→ What you need to do
Word for word, write the lines below out again, with no pictures.

→ Given information
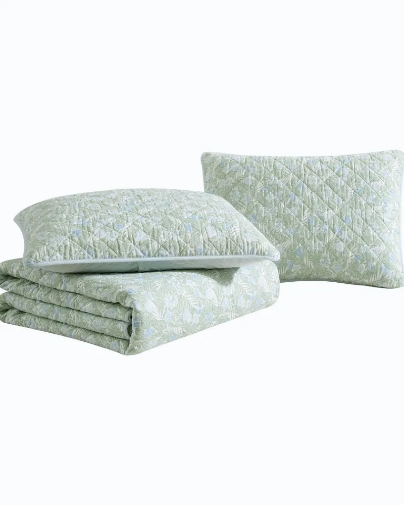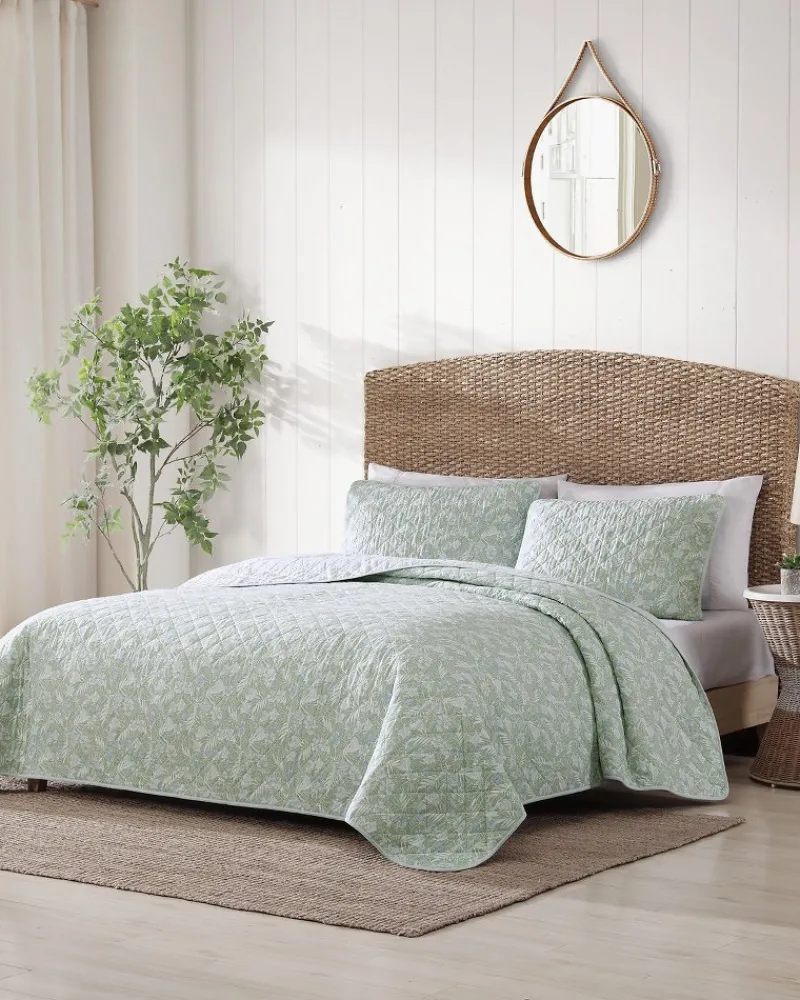 Add a breathable, fresh layer to your bedding ensemble with a reversible island-inspired quilt set that transforms your space into a serene, tropical oasis.
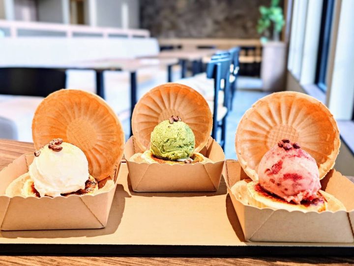 3つ目は先ほどの「御用邸チーズケーキブリュレ」の上に、アイスをのせた「アイスのせ(マスカルポーネ・抹茶・ストロベリー)」(各税込650円)。ハンバーガーのように最中で挟んだり、スプーン代わりに最中でアイスをすくったり。乾燥小豆がトッピングされていて、見た目も食べ方もポップ!
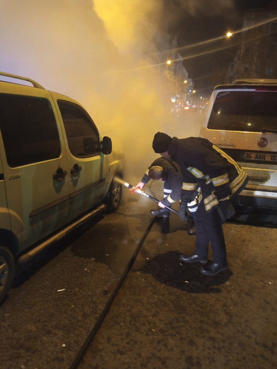 KARS (AA) - Kars'ta seyir halindeyken alev alan hafif ticari araç, kullanılamaz hale geldi.
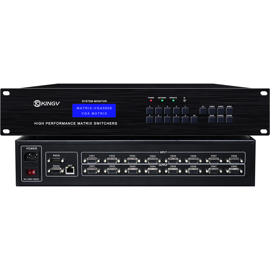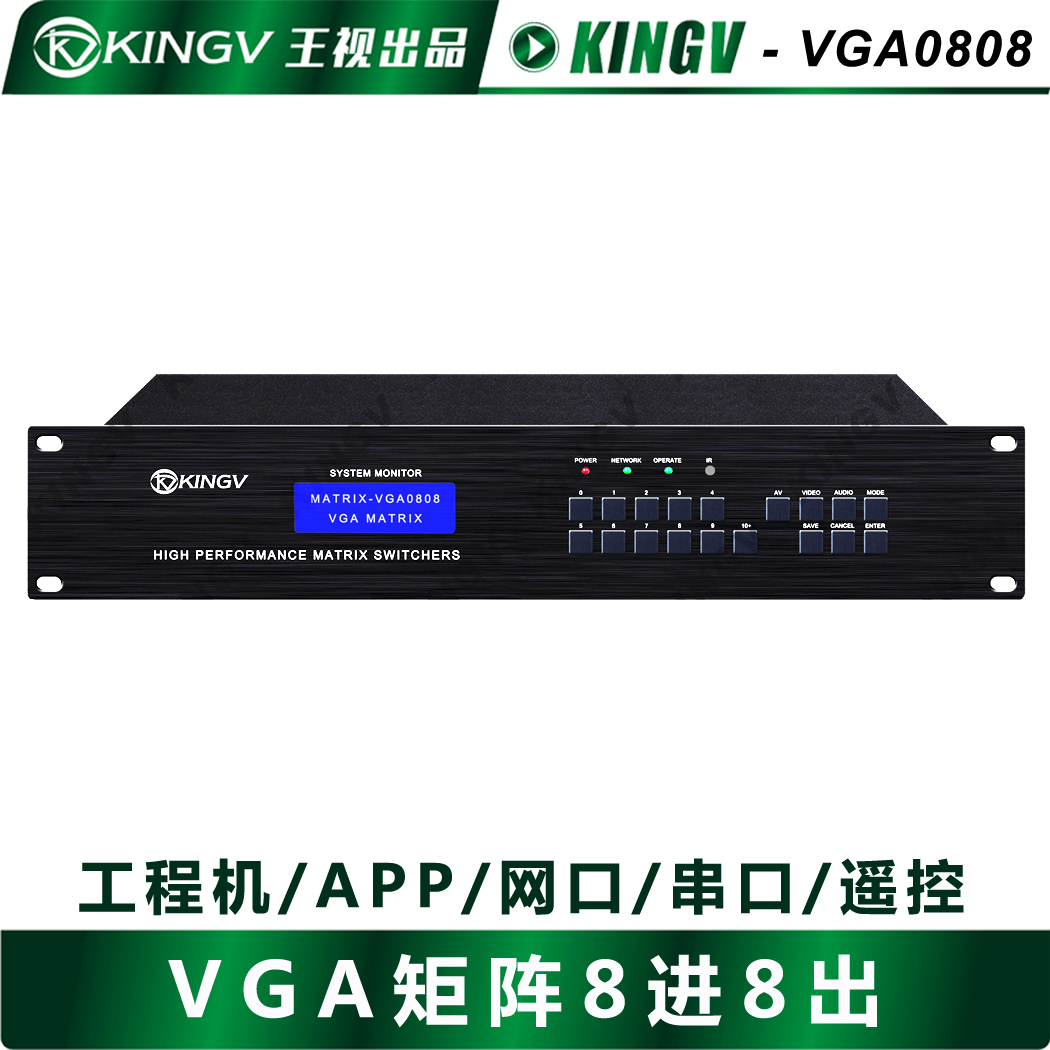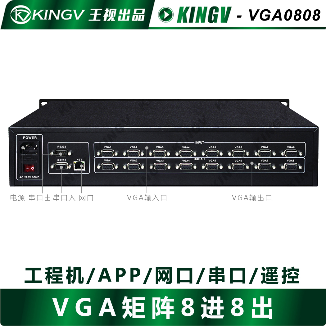 VGA matrix 8-in 8-out 4-way audio and video switcher simulation conference large screen splicing serial port network APP Wang Shi

→ Answer to this exercise
 Add a breathable, fresh layer to your bedding ensemble with a reversible island-inspired quilt set that transforms your space into a serene, tropical oasis.
 3つ目は先ほどの「御用邸チーズケーキブリュレ」の上に、アイスをのせた「アイスのせ(マスカルポーネ・抹茶・ストロベリー)」(各税込650円)。ハンバーガーのように最中で挟んだり、スプーン代わりに最中でアイスをすくったり。乾燥小豆がトッピングされていて、見た目も食べ方もポップ!
 KARS (AA) - Kars'ta seyir halindeyken alev alan hafif ticari araç, kullanılamaz hale geldi.
 VGA matrix 8-in 8-out 4-way audio and video switcher simulation conference large screen splicing serial port network APP Wang Shi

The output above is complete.